The answer to that question might be found in an alternative form of accounting known as Integrated Reporting. According to the <IR> framework, there are six “capitals” that companies use to produce goods and services.

Financial capital (such as cash) and manufactured capital (such as factories) are owned by companies and are recorded in the traditional financial statements. Intellectual, human, and social relationship capital are also owned by companies, but are not recorded in the financial statements.

And then there is natural capital, which refers to the environment surrounding companies. Although companies don’t own their surrounding natural environments per se, they might indeed own pollution credits or other rights to use natural resources.

Though the <IR> framework refers to these six resources as “capitals,” they also represent assets that can be utilized by companies to produce products and services. Thus, consistent with the <IR> framework, Goodwill can be sub-divided into the types of assets (or “capitals”) that do not normally appear on the financial statements, namely: intellectual, human, and social relationship assets.

Trust itself would thus represent a social relationship asset. A well trained work force would represent a human asset. And the innovative practices that prevent the pollution of the natural environment would represent intellectual assets.

Why is this classification system helpful? Well, in the very first paragraph of this posting, we asked whether an asset named Trust might eventually join Goodwill on the financial statements. Under the <IR> system, however, if Goodwill appears in the financial statements, Trust (if it exists) would reside within an implicit component of it.

Indeed, Trust would reside in the social relationship asset.
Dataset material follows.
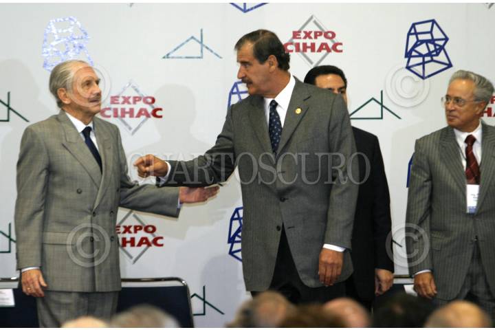 MEXICO, D.F. 14OCTUBRE2004.- Gonzalo Gout Ortiz, presidente del centro impulsor de la construcción y la habitación, recibe al presidente Vicente Fox a su llegada a la inauguración de la XVI exposición internacional de edificación y vivienda Expo CIHAC 2004. FOTO: Nelly Salas/CUARTOSCURO.COM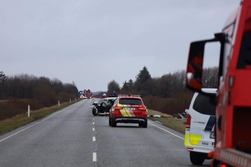 En mand har mistet livet i en alvorlig trafikulykke på en landevej. Samtidig er en kvinde blevet hastet på hospitalet i kritisk tilstand

And human and intellectual assets would represent components of Goodwill as well.

Still not convinced that this classification system is helpful? Then let’s look at the situation a bit differently. If you purchase a firm (or any other item, for that matter), you should always understand precisely what you are actually buying.

If a major asset within your newly purchased firm is simply called Goodwill, then you can’t possibly know with any precision what is included therein. But if Goodwill is divided into social relationship, human, and intellectual assets, then you more likely can know so.